Please output, exactly and without pictures, the lines from the opening of the listing below through the line containing "Socle en marbre, structure", both included.

START Data provided

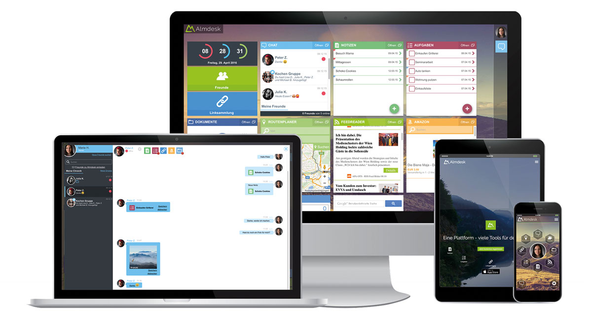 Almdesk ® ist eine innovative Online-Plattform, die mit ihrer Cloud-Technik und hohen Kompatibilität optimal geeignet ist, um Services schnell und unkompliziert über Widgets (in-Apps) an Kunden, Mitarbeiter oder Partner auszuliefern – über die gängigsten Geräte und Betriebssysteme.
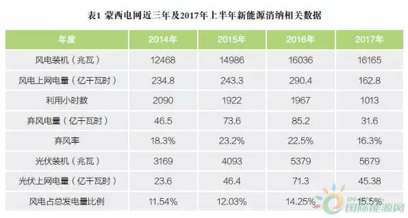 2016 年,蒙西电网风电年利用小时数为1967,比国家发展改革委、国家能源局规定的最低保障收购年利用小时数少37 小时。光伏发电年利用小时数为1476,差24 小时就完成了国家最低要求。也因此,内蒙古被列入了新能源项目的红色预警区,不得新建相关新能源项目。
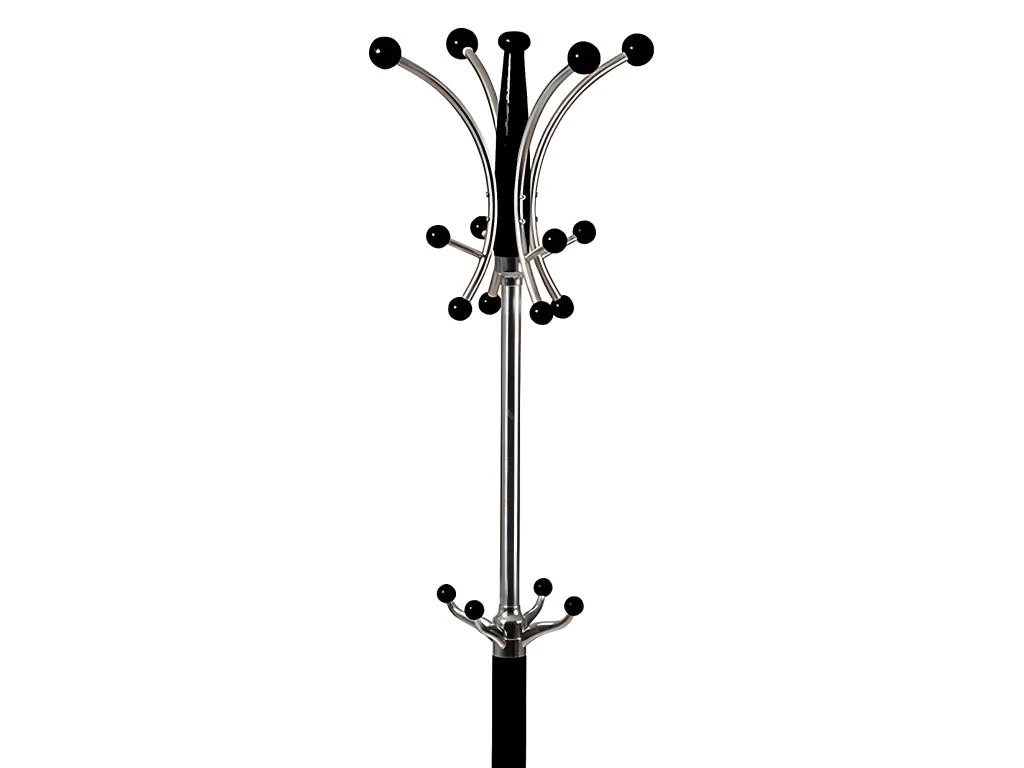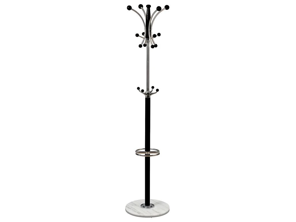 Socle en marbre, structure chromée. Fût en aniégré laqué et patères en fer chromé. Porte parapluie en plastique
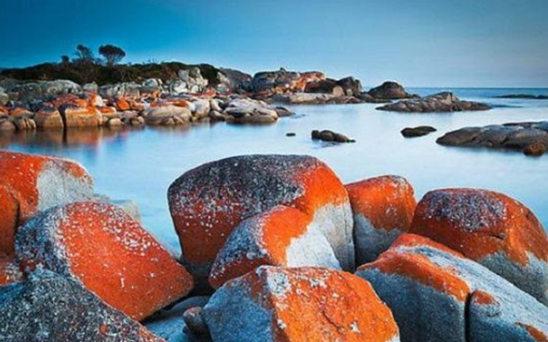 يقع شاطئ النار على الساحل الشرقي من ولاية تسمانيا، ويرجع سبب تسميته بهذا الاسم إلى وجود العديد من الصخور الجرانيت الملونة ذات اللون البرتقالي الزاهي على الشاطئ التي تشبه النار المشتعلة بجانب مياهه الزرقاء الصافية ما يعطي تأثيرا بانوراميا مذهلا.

END Data provided

§ Answer to this problem:
 Almdesk ® ist eine innovative Online-Plattform, die mit ihrer Cloud-Technik und hohen Kompatibilität optimal geeignet ist, um Services schnell und unkompliziert über Widgets (in-Apps) an Kunden, Mitarbeiter oder Partner auszuliefern – über die gängigsten Geräte und Betriebssysteme.
 2016 年,蒙西电网风电年利用小时数为1967,比国家发展改革委、国家能源局规定的最低保障收购年利用小时数少37 小时。光伏发电年利用小时数为1476,差24 小时就完成了国家最低要求。也因此,内蒙古被列入了新能源项目的红色预警区,不得新建相关新能源项目。
 Socle en marbre, structure chromée. Fût en aniégré laqué et patères en fer chromé. Porte parapluie en plastique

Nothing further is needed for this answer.